This post is part of a series of posts on cash transfers and maternal health. To read other posts in the series, click here. If CCTs are a part of your work or research, we’d love to hear from you. Contact us at clindahl@engenderhealth.org if you are interested in writing a guest post on the topic. The following post was originally published on Maternal Mortality Daily.

As we discussed maternal health in Seraikela with government officials and health providers, we found different views on the same story: Janani Suraksha Yojana (JSY) has led to a rapid increase in institutional delivery. The increase more or less follows the government’s plan for JSY – at least at this early stage. But, for as much as the government officials and health providers we talked to were eager to proclaim that this increase had led to major changes in Seriakela, when it came to the question of what would improve maternal health further, they had a lot of different ideas.

Government Officials

We discussed maternal health with three government officials who work in the district that Seriakela belongs to, including the Dr. Chauhan, the top government public health official in the district. When we asked him about JSY and whether it is being implemented effectively, he pointed to JSY as responsible for increasing institutional deliveries in the district from 0 to 30-40 percent of total deliveries. In response to one question about the quality of services available in the district, he said, “Of course, quality is automatically improved when women go to an institution. There is a skilled birth attendant, and she will have her tools and she will be part of a referral system.”

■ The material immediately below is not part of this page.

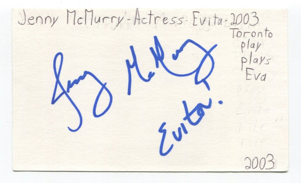 Up for sale is an autographed 3x5 index card, boldly signed by actor Jenny McMurray. This autograph was part of an enormous collection of over 9000 in person collected signatures, all acquired in person by the great Glenn Marshall.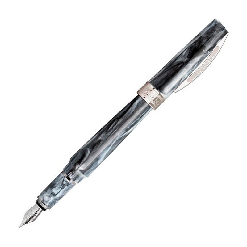 Мираж – магический оптический эффект зеркального отражения, который смешивает реальное и иллюзорное. Visconti предлагает прикоснуться к этому призрачному явлению, представляя необычную коллекцию пишущих инструментов Mirage. Перьевая ручка Mirage Horn изготовлена из смолы туманно-серого цвета, украшенной искусными лаконичными узорами, которые придают аксессуару ощущение жизни и движения. Плавные и гармоничные линии колпачка и барреля соединяются воедино в центре пишущего инструмента при его закрытии. Единственными контрастными элементами дизайна остаются культовый дугообразный клип Visconti и широкое металлическое кольцо колпачка, декорированное оригинальной гравировкой. Тонкие продольные канавки, чередующиеся на корпусе и колпачке ручки, заставляют свет и тени играть и переливаться на поверхности смолы, создавая иллюзорные образы. Металлические части ручки Mirage изготовлены из полированной латуни и покрыты блестящим палладием. Колпачок на фирменном магнитном замке надежно защищает перо от засыхания чернил. Пишущий инструмент оснащается стальными перьями с толщиной линии от Extra-Fine до Broad, которые легко меняются.

Another district health official boasted of the positive impact of JSY on institutional delivery, adding that, though there were initially some problems with delivery of JSY payments, the government had eliminated backlogs and the program was now moving smoothly. When it came to the question of what would improve maternal health in the district, he pointed to the district’s bad roads, inadequate space in Primary Health Centers. But, he also noted two potentially major issues as almost as asides. In the midst of a discussion of whether JSY was being implemented effectively, he said, matter-of-factly, “After the government warned doctors that they might not be paid, institutional delivery went up,” and that awareness of JSY remains uneven because “some sahiyas are more active than others.”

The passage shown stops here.